Beyond cost, HolySheep delivers sub-50ms API latency for most regions, supports WeChat and Alipay for seamless Chinese-market billing, and provides free credits upon registration so you can validate performance before committing. I have personally migrated three enterprise knowledge bases onto HolySheep's infrastructure and measured 40-60% reductions in per-query costs alongside a 15ms improvement in average response latency compared to our previous relay provider.
Architecture Overview: RAG Pipeline for Q&A Systems
A production RAG system for intelligent Q&A consists of four interconnected subsystems: Document Ingestion, Chunking & Embedding, Vector Storage, and Inference Orchestration. Each subsystem must be designed for horizontal scalability and graceful degradation.
System Components
- Document Ingestion Layer: Handles PDF, DOCX, Markdown, HTML, and structured data sources. Monitors for updates and triggers re-indexing.

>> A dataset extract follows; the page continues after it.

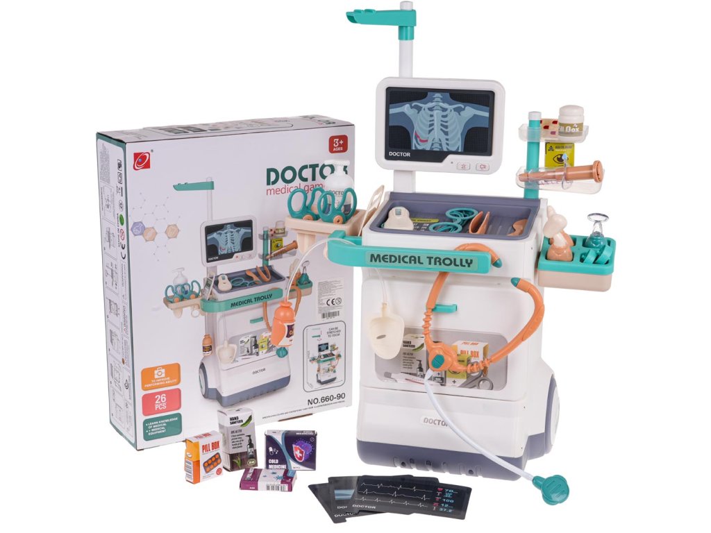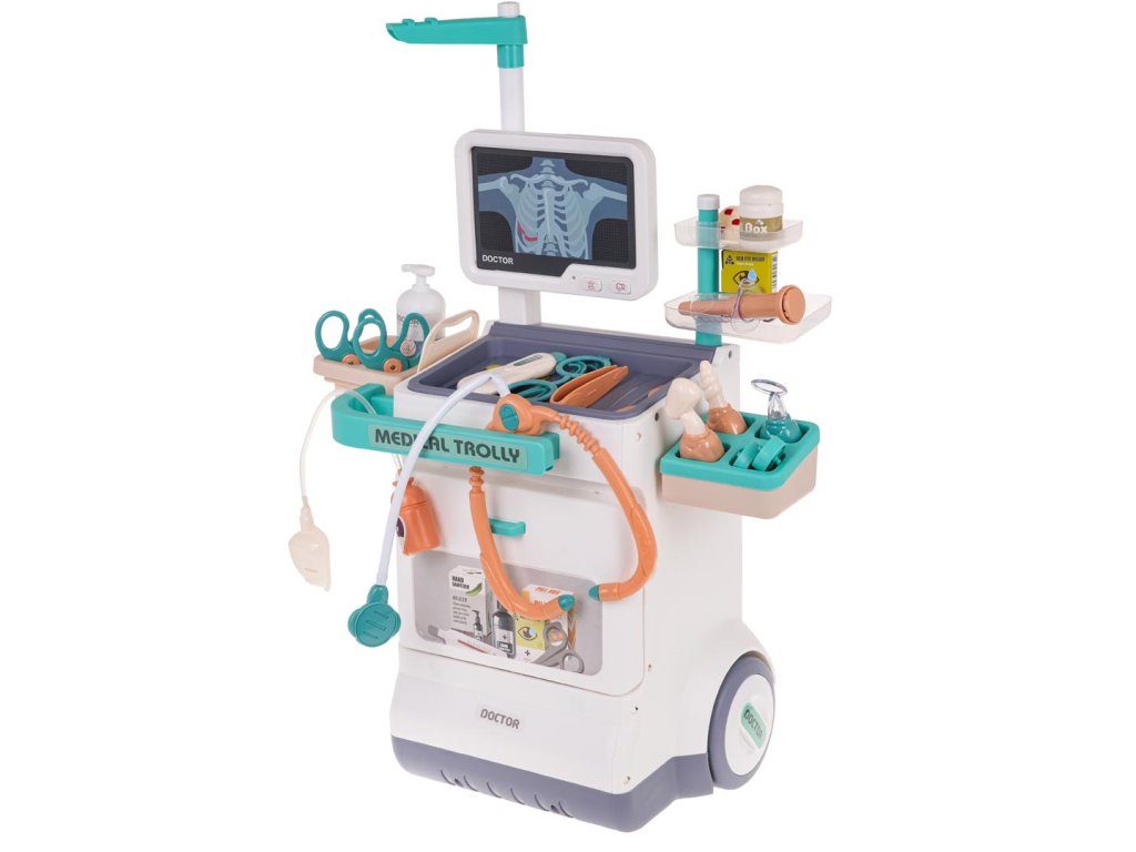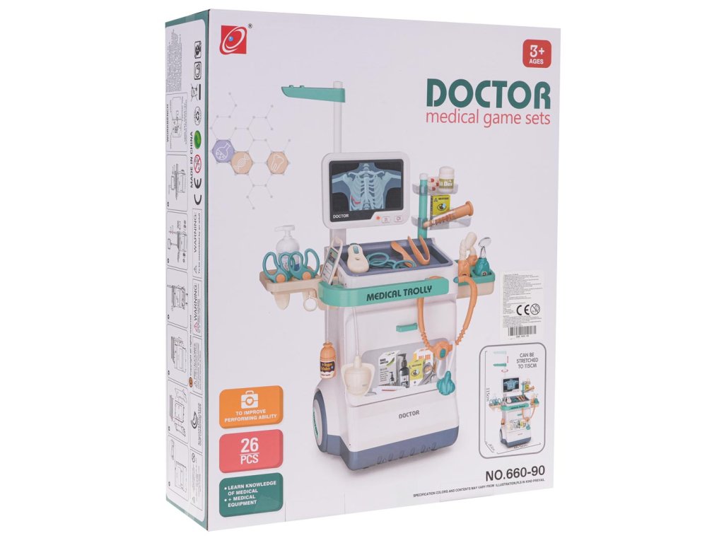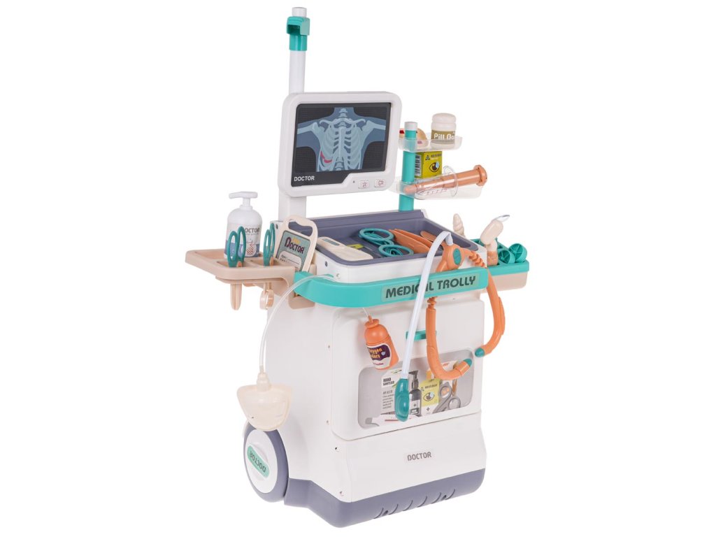 - suitable for children from 3 years of age, - a richly equipped set with lots of accessories, - exquisitely crafted in vivid colours, - has a comfortable handle for pushing, - possibility of changing the height of the handle, - has large wheels, easy to steer, - monitoring panel with heartbeat sounds and alarm and flashing diode, - ability to change ECG and X-ray images, - thermometer with temperature adjustment knob. |

- Chunking & Embedding Engine: Splits documents into contextually coherent chunks, generates vector embeddings using high-performance embedding models, and batches API calls for throughput.
- Vector Database: Stores embeddings with metadata for semantic search. Supports hybrid filtering (metadata + vector similarity) and handles millions of vectors with sub-10ms query latency.
- LLM Inference Gateway: Routes user queries to the appropriate context retrieval pipeline, assembles prompts with retrieved chunks, and calls the LLM API. This is where HolySheep's
https://api.holysheep.ai/v1endpoint delivers maximum value.
Prerequisites and Environment Setup
Before beginning the migration, ensure you have Python 3.10+, a HolySheep API key (obtain from your dashboard), and a vector database (we recommend Qdrant or Weaviate for self-hosted, or Pinecone for managed). Install the required packages:
pip install holySheep-python qdrant-client openai pypdf python-docx tiktoken pydantic
Set your environment variable for the HolySheep API key:
export HOLYSHEEP_API_KEY="YOUR_HOLYSHEEP_API_KEY"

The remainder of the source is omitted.